Irish Soda Bread is an easy, no-mess, no-knead, one-bowl bread that gains its volume and deliciously sour flavor by using baking powder, baking soda and "buttermilk" as baking agents. This vegan version of the yeast-free classic is great for weeknight meals as it requires little in preparation and just over an hour in the oven. If baking for someone on a gluten-free diet, use a combination of spelt flour and rice flour in place of the all-purpose flour, reducing the total amount by 1/4 cup.
Serves 8 to 10
Prep Time: 10 minutes
Cook Time: 1 hour, 10 minutes
Total Time: 1 hour, 20 minutes
- 1 T. and 1 t. apple cider vinegar
- 1 ¼ cup dairy-free soymilk
- 2½ cups all-purpose flour
- ½ cup toasted wheat germ
- ¾ t. baking soda
- 1 t. baking powder
- 1½ t. salt
- ¼ cup pumpkin seeds or sunflower seeds, or a combination of your choice
- 1 ½ T. olive oil
1. Preheat the oven to 350 F. Line a large baking sheet with parchment paper and set aside.

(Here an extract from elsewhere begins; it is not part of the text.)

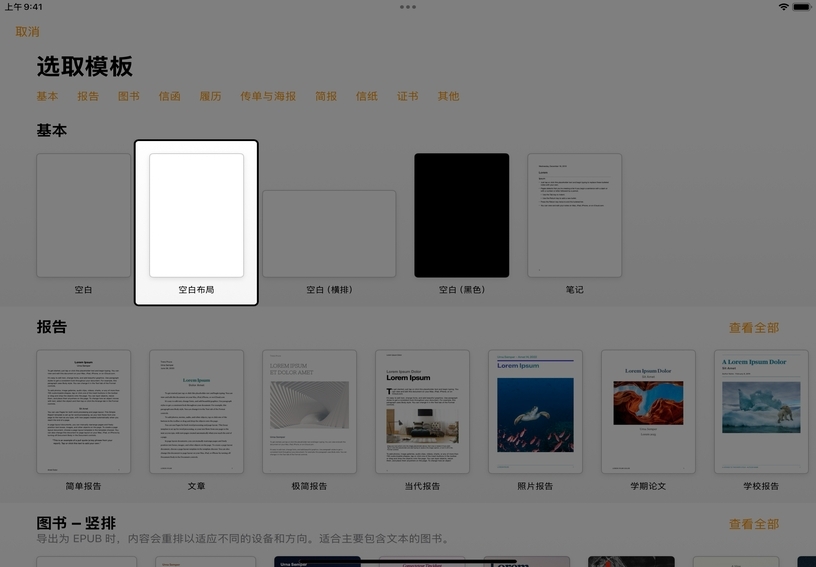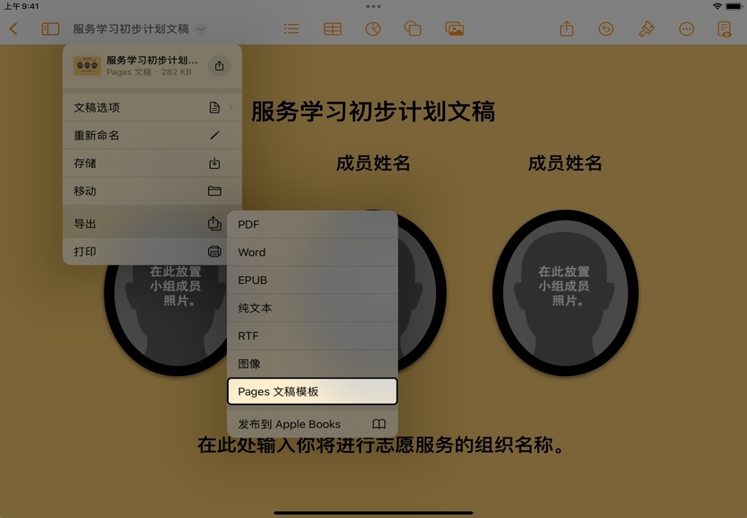 在 Pages 文稿中完成布局的自定设计后,可将其存储为自定模板,以便在后续项目中直接使用,或分享给其他有需要的人。你的自定模板可通过 iCloud 在所有设备上同步;因此,你可以在 iPad 上创建模板,之后在 Mac 上继续使用;反之,在 Mac 上创建的模板也能在 iPad 上使用。

2. In a small bowl or measuring pitcher, combine the vinegar and soymilk, whisking until just combined and slightly thickened. Set aside for 5-10 minutes.
3. Meanwhile, in a medium-sized mixing bowl, combine the flour, wheat germ, baking soda, baking powder, salt and seeds, mixing until well combined.
4. Make a well in the center of the dry ingredients. Combine the soymilk mixture with the olive oil and pour this into the well. Using a wooden spoon or your hands, pull the flour from the sides of the bowl into the well, folding in the dry mixture with the wet until forming a soft dough.
5.Press the dough into the shape of a round, using the bowl as a guide, and place on the prepared baing sheet. With a sharp, dry knife, make an "x" in the top of the round that extends almost to the edges. Bake for about 1 hour and 15 minutes, or until golden brown.